None of this of course if to say that women who want to shouldn't stay home with their kids!

I think allowing nannys to be self employed would be a good start. The lower NI contributions could make all the difference for people with two or more children needing care and the government would still be picking up plenty of tax along the way.

janey68 Thu 07-Feb-13 07:16:15

Its tough, but what you're facing is the reality for many parents.

The only sensible thing is to take the long term view. You say you are both in senior jobs in teaching- well, if you give up work now, you'll probably struggle to get even a basic grade teaching Job in a few years as its hard to get into and you'll be out of the loop. Plus you're losing out on your pension.

You must had known when you had 2 children close together that their nursery care would overlap a lot. Not a criticism btw- Because frankly, even if youd left a 4 yr gap like many working parents, to get one in school before next one in nursery, you'd still be paying the same costs overall- just spreading it over a longer period. So there's no right or wrong way- you're taking the financial hit now, in a condensed period of time. Having said that, your 15 hours free care will help, and again, I think you need to look at the bigger picture. My work colleagues with older children never got those sort of perks and just had to manage.

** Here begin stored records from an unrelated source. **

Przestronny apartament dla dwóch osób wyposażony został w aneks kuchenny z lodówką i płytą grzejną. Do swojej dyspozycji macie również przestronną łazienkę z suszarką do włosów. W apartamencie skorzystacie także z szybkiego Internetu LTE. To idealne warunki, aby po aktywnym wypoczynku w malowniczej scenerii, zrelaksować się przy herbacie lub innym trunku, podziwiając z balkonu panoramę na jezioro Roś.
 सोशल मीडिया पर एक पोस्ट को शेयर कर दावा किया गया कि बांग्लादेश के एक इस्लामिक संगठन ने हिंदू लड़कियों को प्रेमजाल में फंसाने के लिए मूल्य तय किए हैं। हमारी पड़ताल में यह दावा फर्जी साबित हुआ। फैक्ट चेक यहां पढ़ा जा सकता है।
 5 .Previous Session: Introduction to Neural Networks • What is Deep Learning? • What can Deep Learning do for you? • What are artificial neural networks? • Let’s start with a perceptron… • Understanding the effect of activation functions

It's a tought time and I think people like you genuinely are the 'squeezed middle'- and it's frustrating Because lots of people would probably assume you and your dh are rolling in it because on paper your salaries are good- but what many people don't realise is that when you have to pay all your bills and childcare yourself, you can end up worse off than people on lower incomes

Anyway- I would definitely hang on in there, you would so regret jacking in a good career for the sake of the next couple of years

forevergreek Thu 07-Feb-13 07:04:47

Front loader -that's very likely to be £10 net per hour, not gross

TackyChristmastreedelivery Thu 07-Feb-13 00:24:26

Have you thought about dumping London and moving to another city? Education management is surely nationwide?

Not that I have a clue - but I do know a nursery in York would cost about £1000 - £1600 for both children, depending on location and what have you.

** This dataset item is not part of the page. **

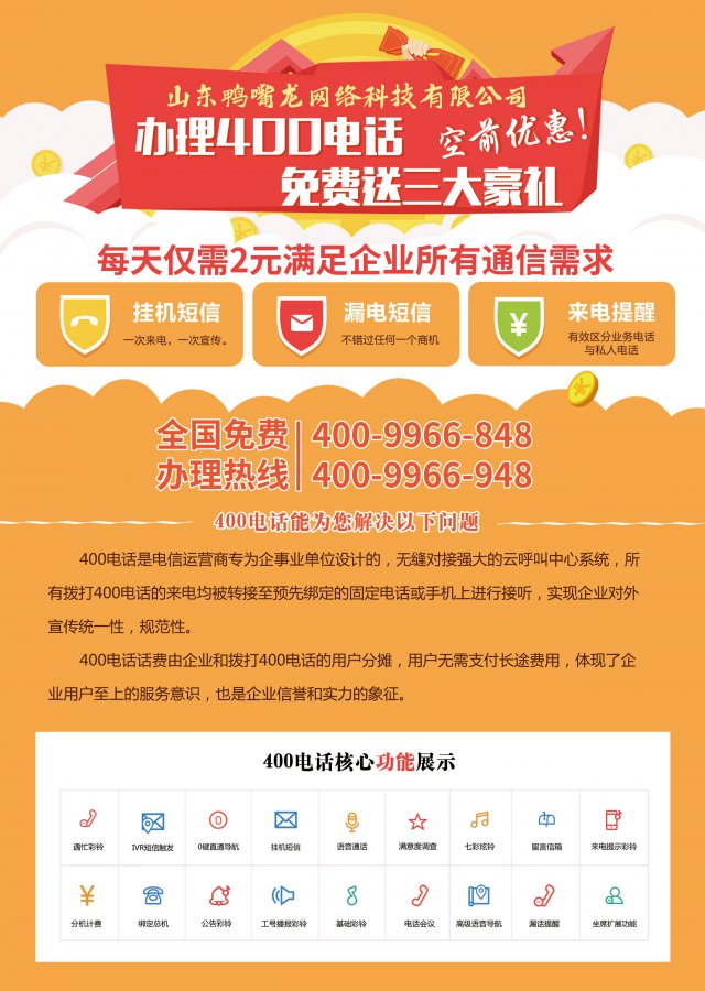 山东鸭嘴龙网络科技有限公司是一家集企业400电话办理、商务彩铃、企业号码认证、商务配音、网站建设、小程序制作等多元化企业服务为一体的综合网络服务公司,本公司秉承以满足更广大的客户需求为己任,坚守“诚信立业,共赢存远”的企业理念与业界朋友建立更广泛、更长远的合作关系。

I also know some families who commute to London to work. York to Kings Cross is 1hr 5omin, Leeds to KingsX is about 1hr 30.

It all sucks. For sure.

FrontLoader Thu 07-Feb-13 00:03:18

I am in NE London and know a (qualified, experienced) nanny who charges £10 per hour and might be interested in term time only (she has a school-ages child herself). Pm me if you want her contact details!

Morloth Wed 06-Feb-13 23:06:29

I hope you work it out OP.

It really is a bugger and is one of the reasons we have such a big gap. Couldn't afford to pay childcare costs for both of them at the same time.